Kevin M. McCormick is a partner with Lowthorp Richards. An attorney with decades of experience in government, corporate, civil rights and criminal law, Kevin’s deep understanding of complex legal issues allows for creative and strong legal arguments and persuasive writing.
A graduate of the Loyola Marymount University School of Law, Kevin comes to Lowthorp Richards from the law offices of Benton, Orr, Duval, and Buckingham in Ventura. McCormick’s wide-ranging areas of expertise include government liability litigation, copyright and unfair trade practices, civil rights litigation, inverse condemnation litigation, and construction defect litigation.
A highly experienced attorney, Kevin also practices employment law, Habeas Corpus law, criminal law, constitutional law, family law, and probate. He has been peer reviewed by Martindale Hubbell, certifying that his practice meets exemplary legal and ethical standards.
Beyond his work as a litigator, McCormick has tried cases to a jury verdict at both the state and federal levels. He’s also argued appeals cases before the California Court of Appeal and the Ninth Circuit Court of Appeals, and has approximately twelve published decisions at both the state and federal levels.
Kevin enjoys using his legal knowledge to give back to the community.

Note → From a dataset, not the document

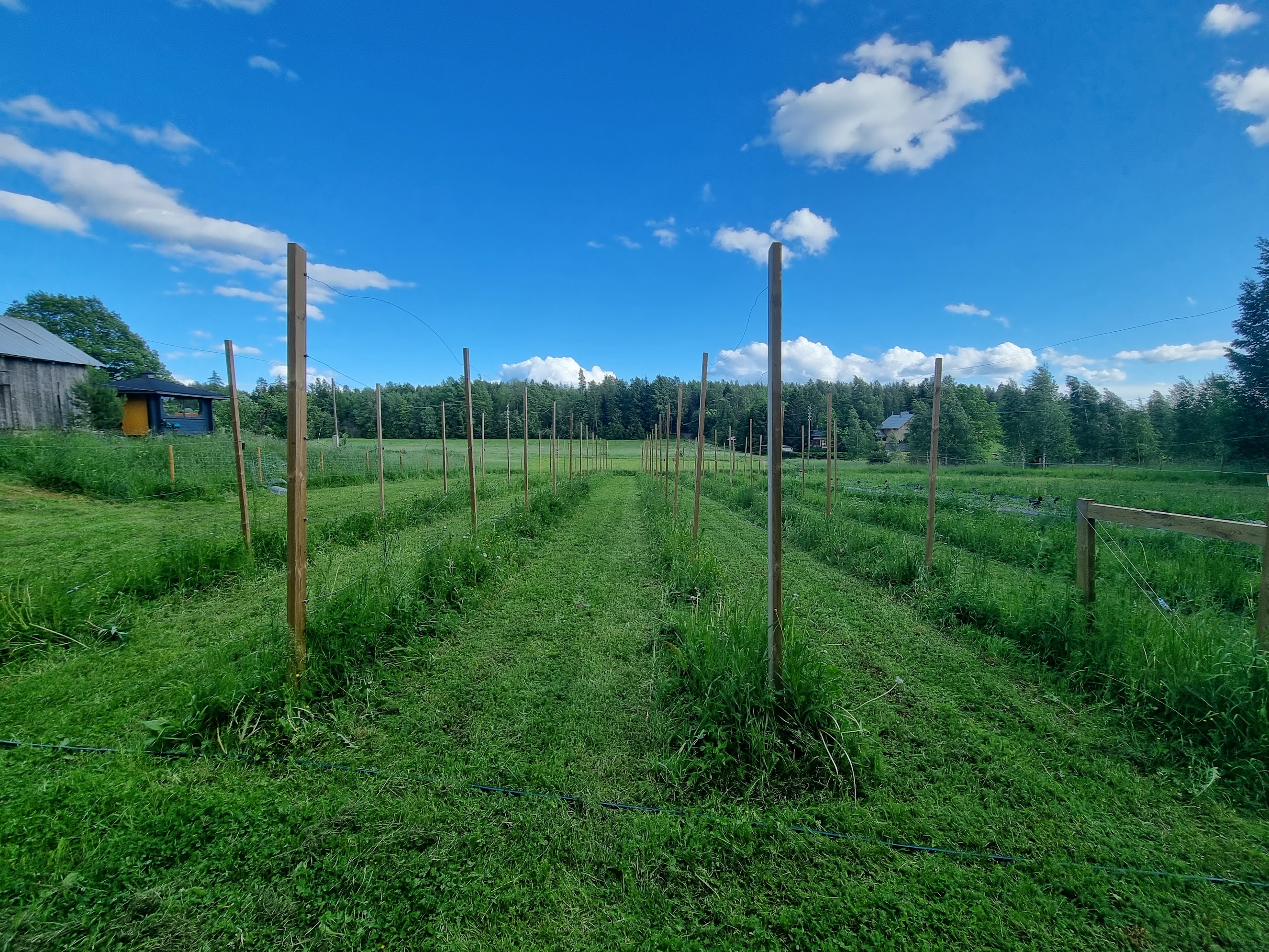 Рассматривали - капельную ленту с любым шагом между эмиттерами (10-30 см). Так точечно поливаете по ряду прививок, а спринклерами будете проливать междурядья - перерасход воды.

He frequently serves as Judge Pro Tem and settlement officer for the Ventura County Superior Court, and has so for over twenty years. He regularly acts as a volunteer scoring the Ventura mock trial competition, and is a panel member of the Ventura County Lawyer Referral service. He is proud to be the fourth generation of California lawyers in his family. His great-granduncle Paul J. McCormick was a federal district court judge in Los Angeles.
In his spare time, Kevin serves as a referee for the American Youth Soccer Organization (AYSO), and is a member of the California State Railroad Museum in Sacramento where he helps support the preservation of historic locomotives and railroad depots. He also practices the martial art of Kendo (Japanese fencing) for which he has obtained the rank of San Dan (third-degree black belt).